EXERCISE AIM: Starting at the top of the listing, extract every line up to and including the one with "軽やかな音楽に合わせてスター". Pictures stay out of the copy.

DATA SHOWN:
————
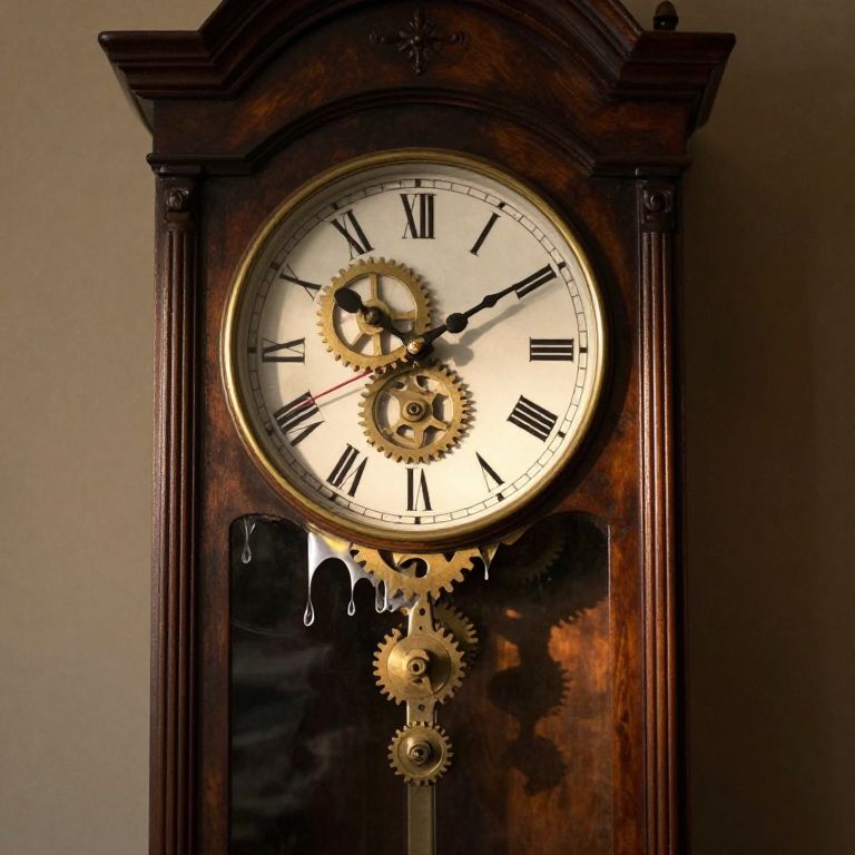 A grandfather clock with melting gears casts ticking shadows that control time in reverse, guiding people back to their past choices.
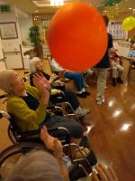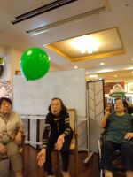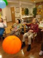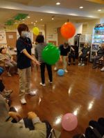 軽やかな音楽に合わせてスタートです。頭を超えた風船を取りに行こうとしたスタッフ、その風船が壁にぶつかり戻ってきたのをご入居者様が打ち見事にスタッフの顔面に直撃(*_*)焦るご入居者様😲笑う皆様( ´艸`)今日もハプニング、笑いありの楽しい🎈バレーでした。
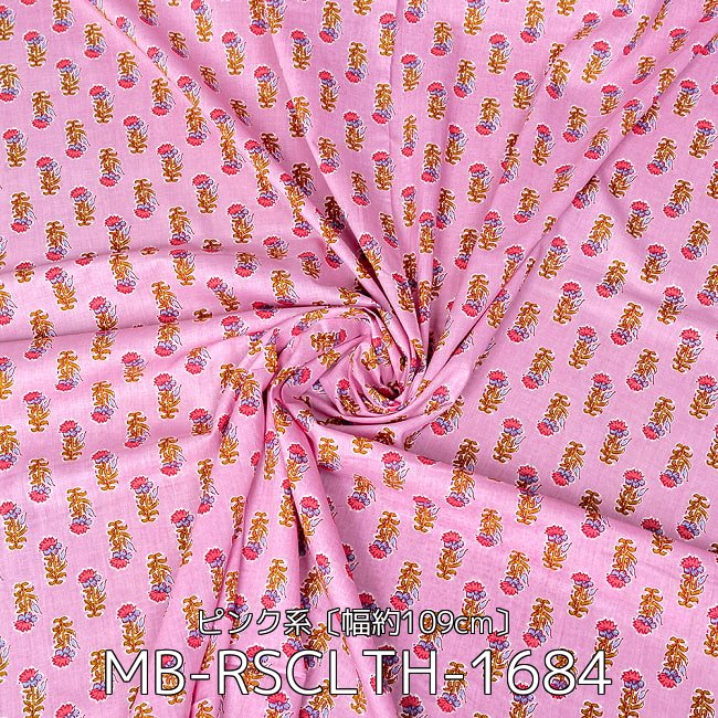 〔1m単位切り売り〕テキスタイルの伝統息づくインドから 昔ながらのボタニカル柄布 ピンク系〔幅約109cm〕 x 3個
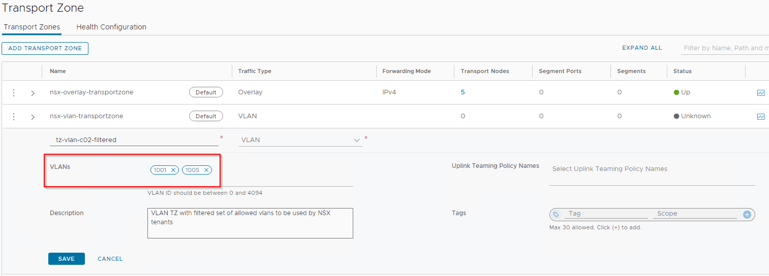 Let’s replace the transport zone “tz-vlan-c02-unfiltered” with “tz-vlan-c02-filtered” that only allows VLAN 1001 and 1005 to be used by the tenants.
————
EXERCISE ANSWER:
 A grandfather clock with melting gears casts ticking shadows that control time in reverse, guiding people back to their past choices.
 軽やかな音楽に合わせてスタートです。頭を超えた風船を取りに行こうとしたスタッフ、その風船が壁にぶつかり戻ってきたのをご入居者様が打ち見事にスタッフの顔面に直撃(*_*)焦るご入居者様😲笑う皆様( ´艸`)今日もハプニング、笑いありの楽しい🎈バレーでした。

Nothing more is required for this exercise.